The silver paint on our sample was flawless, and the maroon stripe above the windows and the maroon and gold of the car number were classic accents for the silver body. The Port Authority logo was first rate as well.

On the test track
The RDC operates on O-31 or wider-diameter track, and the model is prime for operators running traditionally sized rolling stock. Operate scale trains? You still might want to check it out. The size difference may not matter as much if you just want to run an occasional short passenger train to mix in with freight consists.

The RailKing model looks good and runs well as a powered unit and unpowered trailer or just as lone powered unit.
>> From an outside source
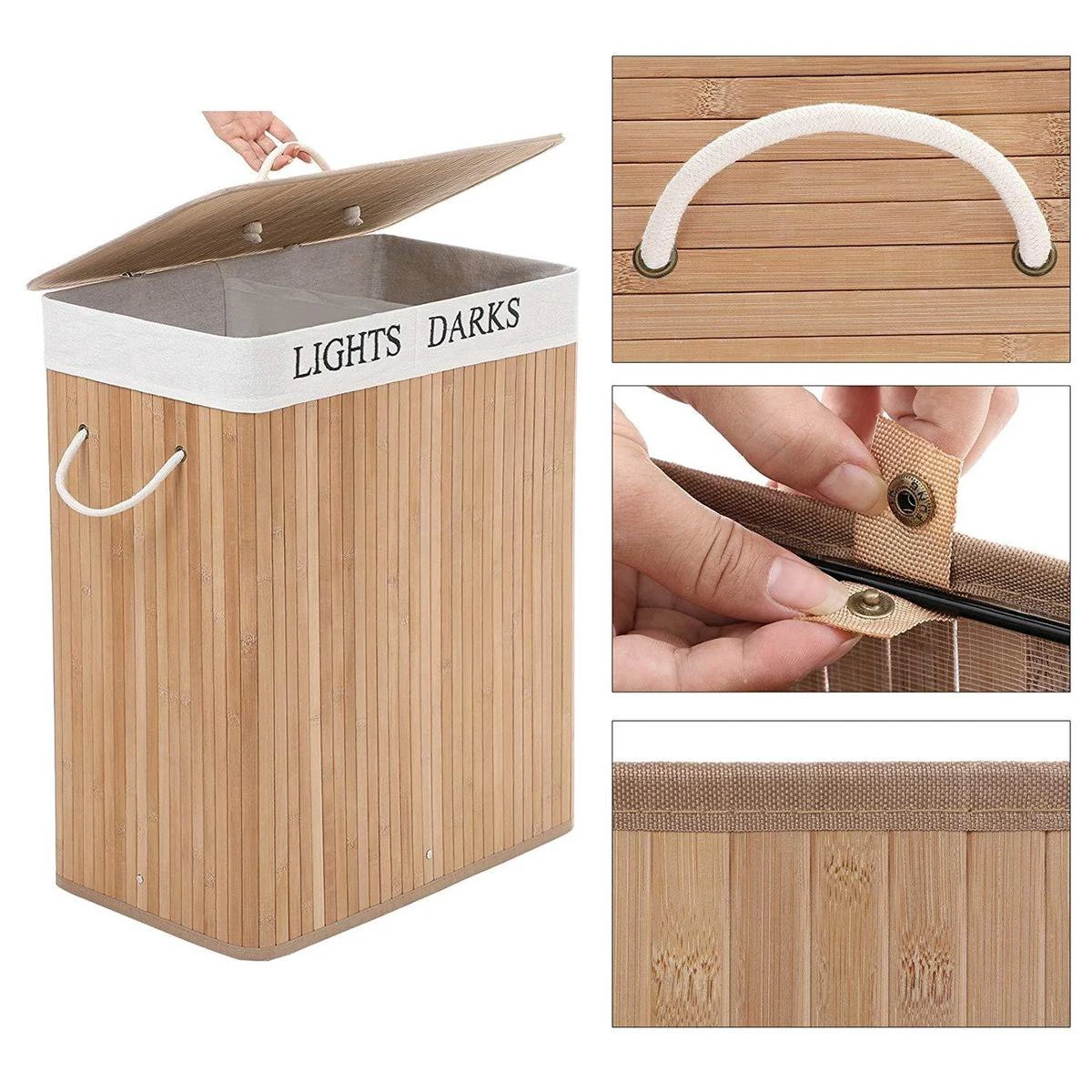 ▶ Stevige, maar lichte constructie: De wasmand is gemaakt uit natuurlijk bamboe met ijzeren verstevigingsdraad.
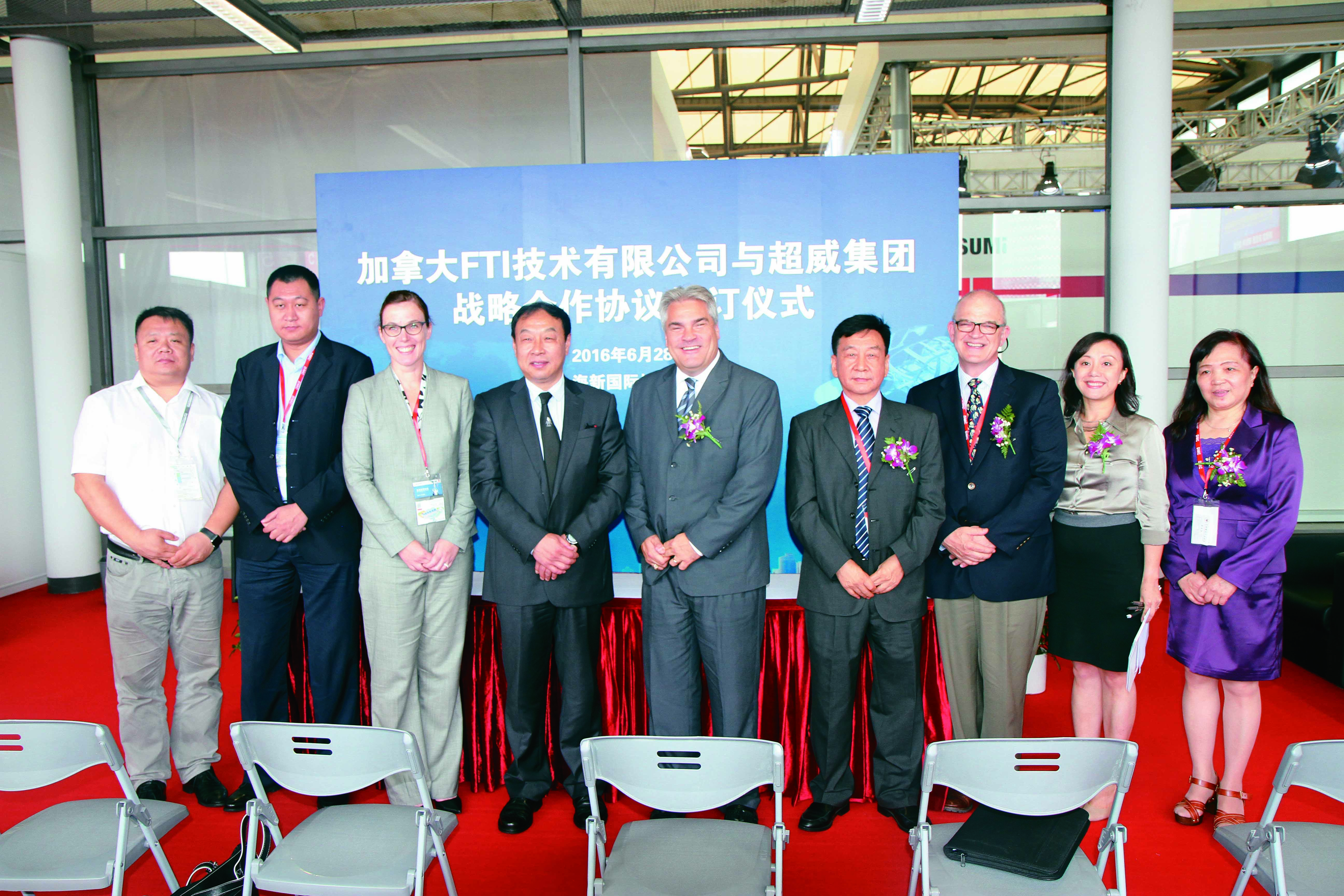 2016 年6 月28 日,DMC2016 展会拉开了序幕,在此次展会上加拿大F T I 技术有限公司与超威集团签订战略合作协议,中国模具工业协会常务副会长兼秘书长武兵书先生、中国模具工业协会副秘书长李玉华女生、浙江普朗特电动汽车有限公司C EO 王国富先生、加拿大F T I 技术有限公司CEO Michael Gallagher 先生、加拿大驻上海领事兼商务专员Katrin Spence 女士出席了本次签约仪式。

It also does a fine job with a few coaches tacked on for vacationers or even holiday travelers.

Operation was smooth in all speed ranges, and the coupled duo rolled smoothly through our test track’s sudden “S” curve. No derailments occurred, and there were no excessive sounds when running through the switches.

The ProtoSound 3.0 system sounded great, and the package also has the Passenger Station Proto-Effects system that allows you to run through various station stops.
Operationally the RDC was fine. The speed range was 2.5 scale miles per hour on the low end and 67.5 on the high end.

The RDC’s drawbar pull was a very decent 1 pound, 3 ounces, which suggests this would make a good, if unprototypical, freight-hauler as well.

The RailKing line Budd RDC looks nice, and the most recent run has a variety of contemporary road names that just may be right four your O gauge commuters.